== Extracted records ==

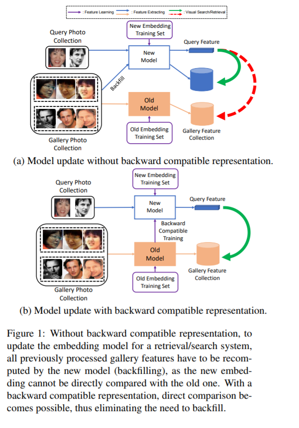我们提出了一种学习视觉特征的方法,即使这些特征具有不同的维数,并且是通过不同的神经网络结构和损失函数来学习的,也能与之前的计算结果相兼容。兼容意味着,如果这些特性用于比较图像,那么“新”特性可以直接与“旧”特性进行比较,因此它们可以互换使用。这使得视觉搜索系统在更新嵌入模型时,可以绕过计算所有以前看到的图像的新特性,这个过程称为回填。向后兼容性对于快速部署新的嵌入模型至关重要,这些模型利用了不断增长的大规模训练数据集和深度学习体系结构和训练方法的改进。我们提出一个框架来训练嵌入模型,称为向后兼容训练(BCT),作为向后兼容表示学习的第一步。在人脸识别的嵌入学习实验中,使用BCT训练的模型在不牺牲精度的前提下,成功实现了向后兼容,实现了可视化嵌入的无填充模型更新。
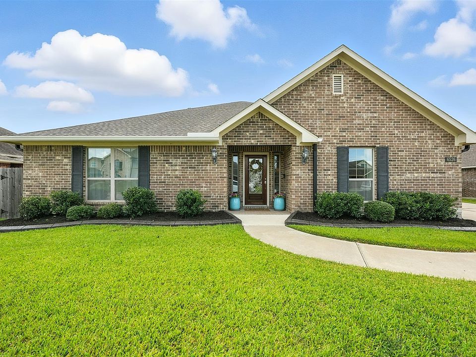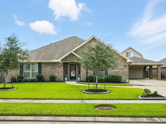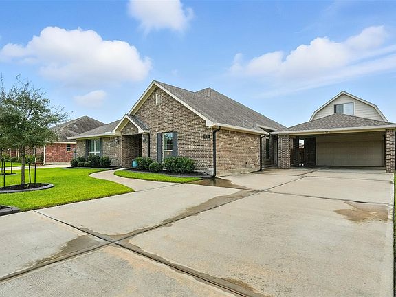 Welcome to 6526 Falcon Ridge in the sought-after Lakeland subdivision of Manvel, a premiere waterfront community. Built in 2021, this stunning single-story home offers 4 bedrooms, 3 baths, and 2,879 sq. ft. of thoughtfully designed living space on a 9,601 sq. ft. lot. The open-concept layout features neutral tones, quartzite countertops, white cabinetry, and a classic subway tile backsplash for a timeless look. With a 4-car garage, covered carport, and an upstairs bonus area above the garage ready to be finished out, this property offers both functionality and future potential. With all 3 zoned schools conveniently located less than 2 miles away, this home blends modern style, everyday comfort, and an ideal location. Schedule your private showing today!
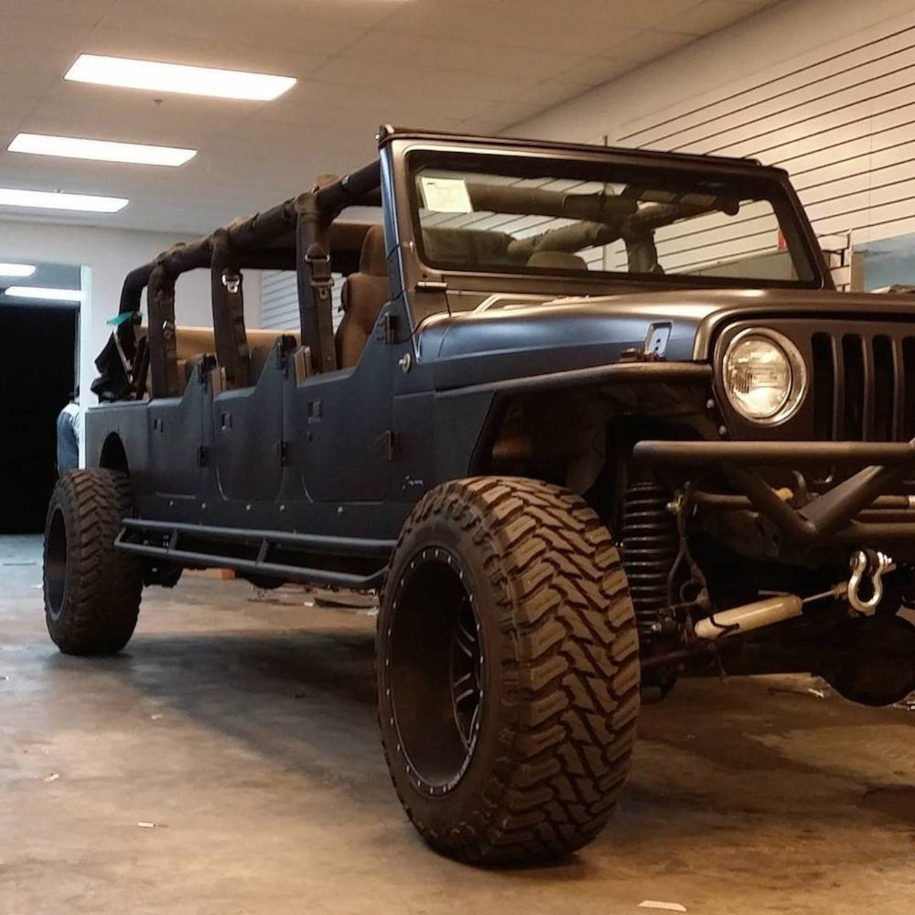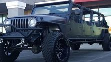 Этот Wrangler легко можно использовать как автобус благодаря трём рядам сидений, на двух из которых установлены диваны. Однако по всем остальным параметрам автомобиль был доработан как типичный внедорожник, с лифтованной подвеской, буксировочными крюками, каркасом безопасности и многими другими деталями. Однако теперь он стал длиннее примерно на 1,5 метра. Единственное, чего не хватает, - холодильника с пивом, но так как его могла увидеть полиция, то хорошо, что его нет.
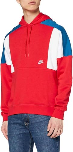 Nike M NSW Hoodie PO BB CB Sweat-Shirt Homme University Red/White/Industrial Blue/(White) FR: XS (Taille Fabricant: XS)
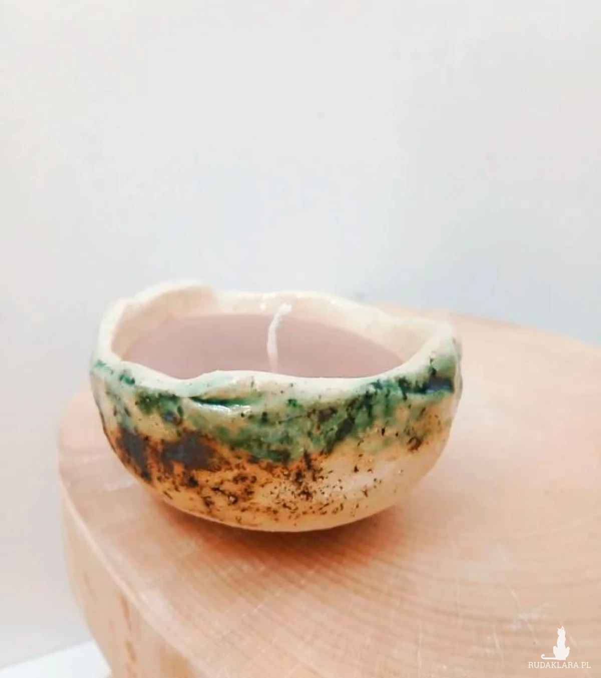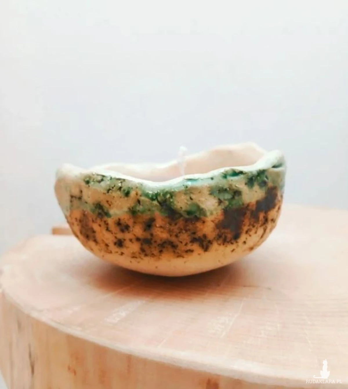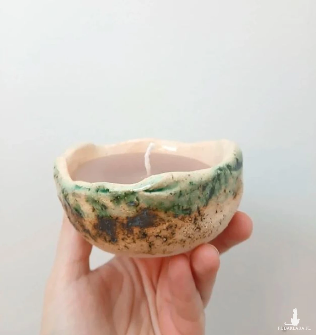 Świeczka w recznie robionej glinianej misce, artystyczny ceramiczny lampion, świeczka w ceramicznym naczyniu. Pomysł na prezent. Świeca bezzapachowa, nietoksyczna, sojowa. Miseczka 8cm srednicy, 5cm wysokości. Zapakowana w celofan z kokardą. Naturalna, organiczna forma surowa glina świeca ekologiczna wegańska rzemieślnicza rękodzieło galeria sztuki sztuka użytkowa folk
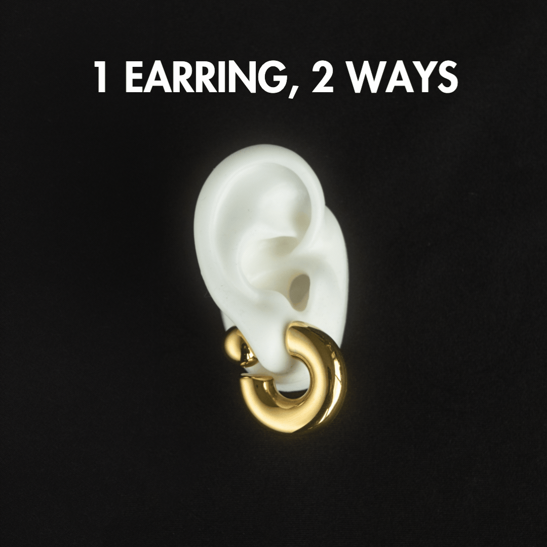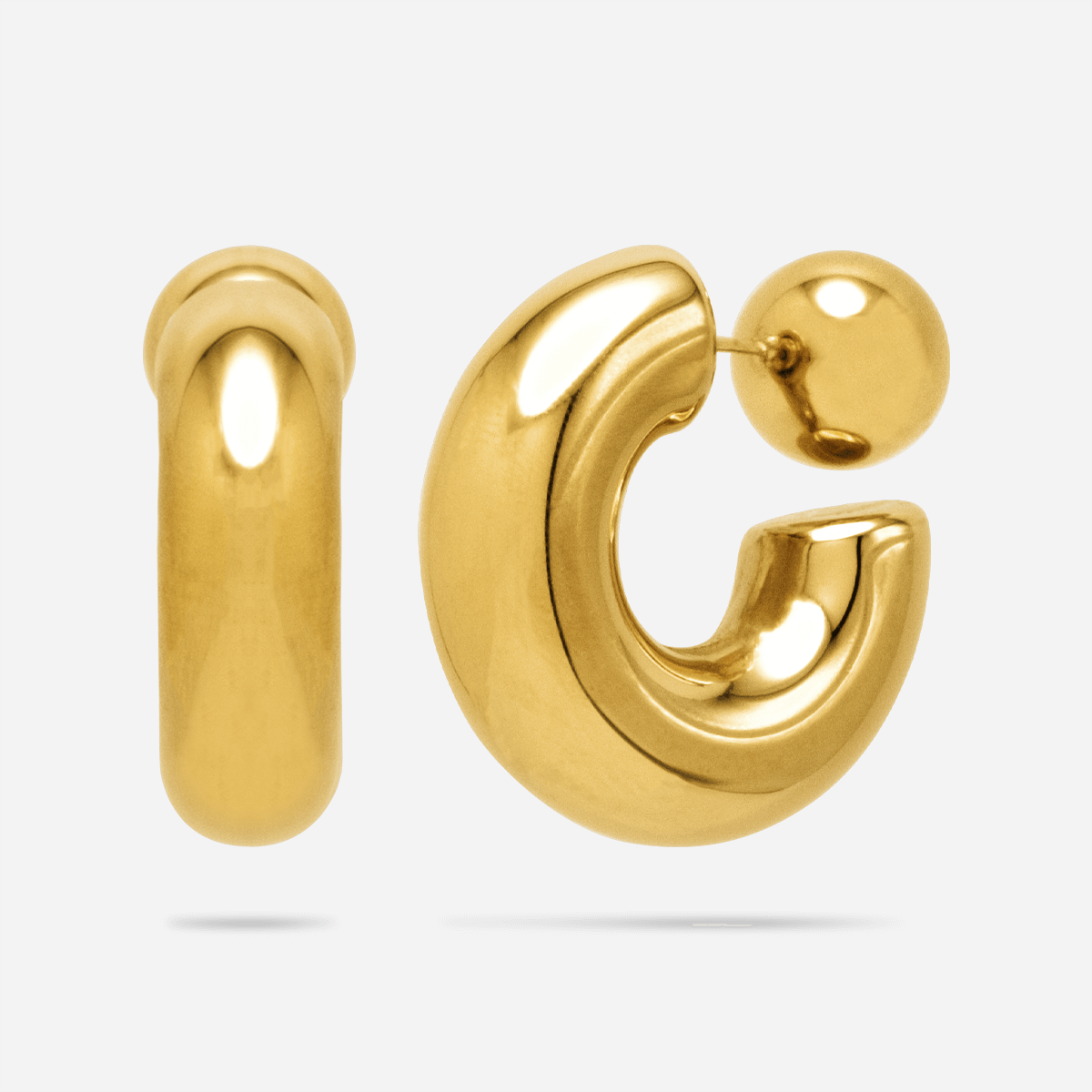 Unleash your bold style with our Adrian Bold C-Stud Earrings. Made from high-quality stainless steel and 18K gold plating, these chunky, detachable round ball earrings feature a unique C-shaped design that adds a touch of playfulness to your outfit. With a high-polish finish, these hollow earrings are sure to make a statement wherever you go. (Who says studs have to be boring?)

===

Assigned task
The copy should match the records above exactly, except that pictures are dropped.

Answer space
我们提出了一种学习视觉特征的方法,即使这些特征具有不同的维数,并且是通过不同的神经网络结构和损失函数来学习的,也能与之前的计算结果相兼容。兼容意味着,如果这些特性用于比较图像,那么“新”特性可以直接与“旧”特性进行比较,因此它们可以互换使用。这使得视觉搜索系统在更新嵌入模型时,可以绕过计算所有以前看到的图像的新特性,这个过程称为回填。向后兼容性对于快速部署新的嵌入模型至关重要,这些模型利用了不断增长的大规模训练数据集和深度学习体系结构和训练方法的改进。我们提出一个框架来训练嵌入模型,称为向后兼容训练(BCT),作为向后兼容表示学习的第一步。在人脸识别的嵌入学习实验中,使用BCT训练的模型在不牺牲精度的前提下,成功实现了向后兼容,实现了可视化嵌入的无填充模型更新。
 Welcome to 6526 Falcon Ridge in the sought-after Lakeland subdivision of Manvel, a premiere waterfront community. Built in 2021, this stunning single-story home offers 4 bedrooms, 3 baths, and 2,879 sq. ft. of thoughtfully designed living space on a 9,601 sq. ft. lot. The open-concept layout features neutral tones, quartzite countertops, white cabinetry, and a classic subway tile backsplash for a timeless look. With a 4-car garage, covered carport, and an upstairs bonus area above the garage ready to be finished out, this property offers both functionality and future potential. With all 3 zoned schools conveniently located less than 2 miles away, this home blends modern style, everyday comfort, and an ideal location. Schedule your private showing today!
 Этот Wrangler легко можно использовать как автобус благодаря трём рядам сидений, на двух из которых установлены диваны. Однако по всем остальным параметрам автомобиль был доработан как типичный внедорожник, с лифтованной подвеской, буксировочными крюками, каркасом безопасности и многими другими деталями. Однако теперь он стал длиннее примерно на 1,5 метра. Единственное, чего не хватает, - холодильника с пивом, но так как его могла увидеть полиция, то хорошо, что его нет.
 Nike M NSW Hoodie PO BB CB Sweat-Shirt Homme University Red/White/Industrial Blue/(White) FR: XS (Taille Fabricant: XS)
 Świeczka w recznie robionej glinianej misce, artystyczny ceramiczny lampion, świeczka w ceramicznym naczyniu. Pomysł na prezent. Świeca bezzapachowa, nietoksyczna, sojowa. Miseczka 8cm srednicy, 5cm wysokości. Zapakowana w celofan z kokardą. Naturalna, organiczna forma surowa glina świeca ekologiczna wegańska rzemieślnicza rękodzieło galeria sztuki sztuka użytkowa folk
 Unleash your bold style with our Adrian Bold C-Stud Earrings. Made from high-quality stainless steel and 18K gold plating, these chunky, detachable round ball earrings feature a unique C-shaped design that adds a touch of playfulness to your outfit. With a high-polish finish, these hollow earrings are sure to make a statement wherever you go. (Who says studs have to be boring?)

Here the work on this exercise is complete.